Росс Макдональд - Омут
— Я тоже люблю тебя, папа, — слова прозвучали невнятно, может быть, потому, что она уткнулась в его плечо.
— Я хотел бы верить этому.
— Но это так, папа, это так. Я считаю тебя самым лучшим мужчиной на свете.
Было что-то странное, что-то подозрительное в их разговоре. Отсюда, из глубины гостиной, могло показаться, что это объясняются любовники — пусть и при такой большой разнице в годах.
— О, Кэти, — сокрушенно сказал Джеймс Слокум, — что же я должен теперь сделать для тебя?
И вдруг еще один голос прорезался и жестко спросил:
— Что ты пытаешься сделать с ней, Джеймс? — Это был голос Мод Слокум.
— Не твое дело!
— Полагаю, что мое. Она моя дочь, как тебе известно.
— О, осведомлен об этом, дорогая. Однако из этого еще не следует, что она не может жить истинно порядочной жизнью.
— У нее не будет такой жизни, если ты намерен продолжать свою в том же духе, устраивать нам сцены и трепать ей нервы.
— Ради Бога, мама, успокойся, — мягко проговорила Кэти, будто не она, а мать из них двоих была младше. — Ты говоришь обо мне так, что можно подумать, я какая-то кость, из-за которой грызутся две собаки.

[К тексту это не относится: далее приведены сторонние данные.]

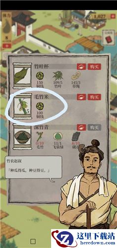 首先钓鱼需要用到钓鱼竿,还有鱼饵,所以说大家需要去获得钓竿,在毛竹田将毛竹米种下,出现毛竹林点击就可以收获毛竹,然后去鱼竿店制作钓鱼竿。

Почему ты не можешь обращаться со мной как с человеком?
— Я пытаюсь, Кэти. Но ты никогда не слушаешь меня. А я кое-что знаю о том, о чем вы говорите.
— Если ты знаешь так много, то почему бы тебе не изменить нашу жизнь?
В нашей семье, с тех пор как я себя помню, ничего не было, кроме вот этаких сцен, и меня уже тошнит от них.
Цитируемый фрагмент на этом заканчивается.